Model n_features is 2 and input n_features is 357
It also gives the same error when the feature count is 1 (int) and not 1.0 (float).
How I understood was that when the feature count is 2 (int), two features should be considered in creating each tree. Is this wrong? How can I change the max features parameter?
The code is as follows:
from sklearn.ensemble.iforest import IsolationForest
def isolation_forest_imp(dataset):
estimators = 10
samples = 100
features = 2
contamination = 0.1
bootstrap = False
random_state = None
verbosity = 0
estimator = IsolationForest(n_estimators=estimators, max_samples=samples, contamination=contamination,
bootstrap=boostrap, random_state=random_state, verbose=verbosity)
model =
In the documentation it states:
max_features : int or float, optional (default=1.0)
The number of features to draw from X to train each base estimator.
- If int, then draw `max_features` features.
- If float, then draw `max_features * X.shape[1]` features.
So, 2 should mean take two features and 1.0 should mean take all of the features, 0.5 take half and so on, from what I understand.

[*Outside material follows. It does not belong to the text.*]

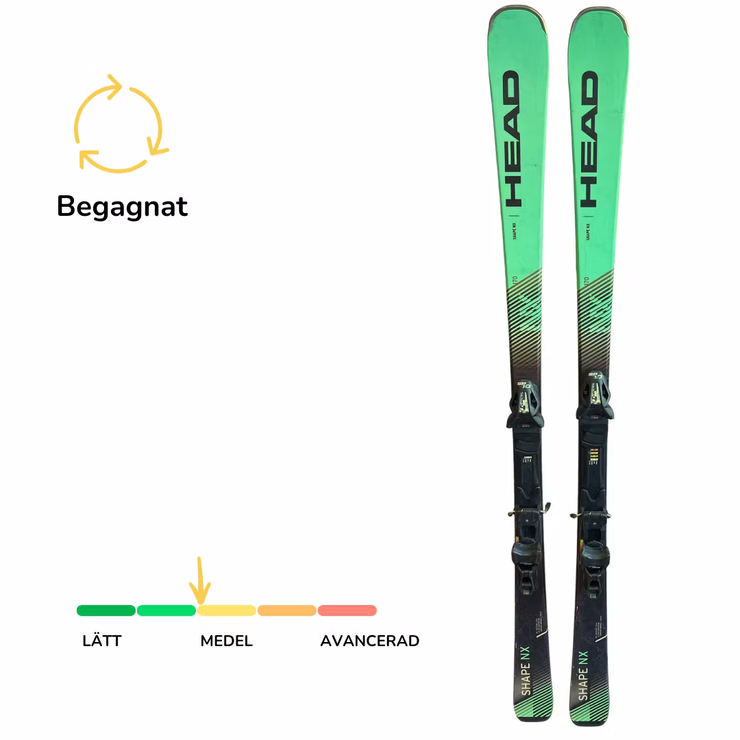 Begagnad Head Shape NX. Skidorna är slipade och vallade. Slitage och skav förekommer.Skidan kommer med en justerbar demo-bindning, där både tå- och häldele

I think this could be a bug, since, taking a look in IsolationForest's fit:
# Isolation Forest inherits from BaseBagging
# and when _fit is called, BaseBagging takes care of the features correctly
super(IsolationForest, self)._fit(X, y, max_samples,
# however, when after _fit the decision_function is called using X - the whole sample - not taking into account the max_features
self.threshold_ = -sp.stats.scoreatpercentile(
-self.decision_function(X), 100. * (1. - self.contamination))
# when the decision function _validate_X_predict is called, with X unmodified,
# it calls the base estimator's (dt) _validate_X_predict with the whole X
X = self.estimators_[0]._validate_X_predict(X, check_input=True)
# from
def _validate_X_predict(self, X, check_input):
"""Validate X whenever one tries to predict, apply, predict_proba"""
if self.tree_ is None:
raise NotFittedError("Estimator not fitted, "

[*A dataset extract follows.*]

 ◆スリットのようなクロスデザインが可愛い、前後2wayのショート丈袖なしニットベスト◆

"call `fit` before exploiting the model.")
if check_input:
X = check_array(X, dtype=DTYPE, accept_sparse="csr")
if issparse(X) and (X.indices.dtype != np.intc or
X.indptr.dtype != np.intc):
raise ValueError("No support for np.int64 index based "
"sparse matrices")
# so, this check fails because X is the original X, not with the max_features applied
n_features = X.shape[1]
if self.n_features_ != n_features:
raise ValueError("Number of features of the model must "

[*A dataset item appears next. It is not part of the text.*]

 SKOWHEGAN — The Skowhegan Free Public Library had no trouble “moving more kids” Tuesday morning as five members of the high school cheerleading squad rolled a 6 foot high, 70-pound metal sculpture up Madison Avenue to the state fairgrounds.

"match the input. Model n_features is %s and "
"input n_features is %s "
% (self.n_features_, n_features))
return X
So, I am not sure on how you can handle this. Maybe figure out the percentage that leads to just the two features you need - even though I am not sure it'll work as expected.
Note: I am using scikit-learn v.0.18
Edit: as #Vivek Kumar commented this is an issue and upgrading to 0.20 should do the trick.